**Exercise goal:**
Once the line containing "새로운 청바지 남성 바지" is reached in the listing below, reproduce it and all later lines through the final one exactly, but omit any pictures.

**Input data:**
####

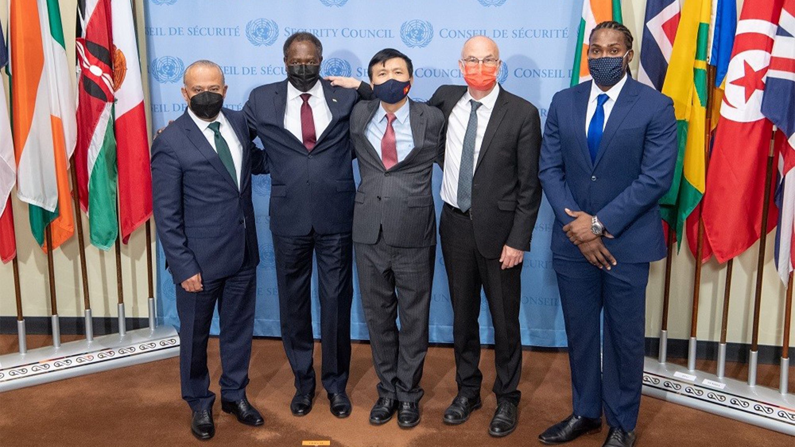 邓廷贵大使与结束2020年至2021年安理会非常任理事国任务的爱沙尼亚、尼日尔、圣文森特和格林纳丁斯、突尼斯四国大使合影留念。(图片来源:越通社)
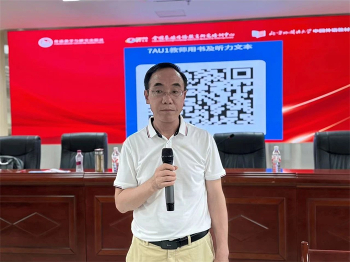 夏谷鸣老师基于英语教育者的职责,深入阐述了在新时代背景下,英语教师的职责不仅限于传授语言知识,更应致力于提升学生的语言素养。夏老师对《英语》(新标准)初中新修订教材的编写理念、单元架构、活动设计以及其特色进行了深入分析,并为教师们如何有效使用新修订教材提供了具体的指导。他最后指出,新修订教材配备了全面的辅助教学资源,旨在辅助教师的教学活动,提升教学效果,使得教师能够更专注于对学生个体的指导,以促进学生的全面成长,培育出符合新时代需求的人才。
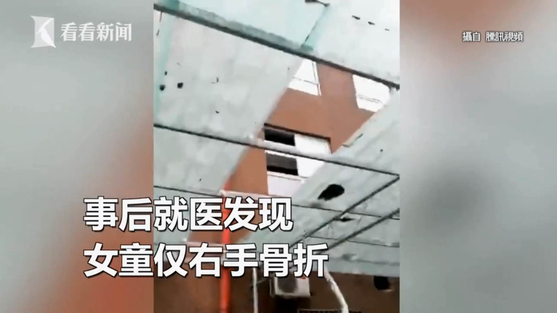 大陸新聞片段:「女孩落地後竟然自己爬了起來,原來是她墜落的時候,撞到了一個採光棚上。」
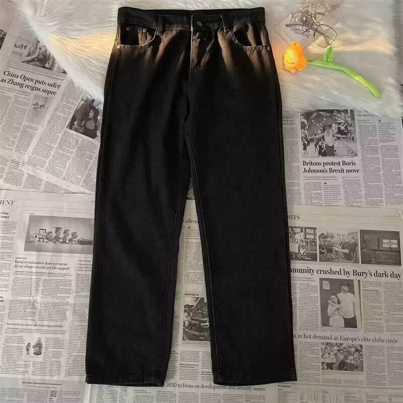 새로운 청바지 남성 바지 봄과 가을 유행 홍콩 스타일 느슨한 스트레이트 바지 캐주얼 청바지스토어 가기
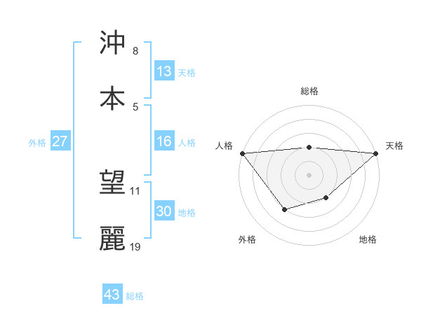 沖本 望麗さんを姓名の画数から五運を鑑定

####

**Expected answer:**
 새로운 청바지 남성 바지 봄과 가을 유행 홍콩 스타일 느슨한 스트레이트 바지 캐주얼 청바지스토어 가기
 沖本 望麗さんを姓名の画数から五運を鑑定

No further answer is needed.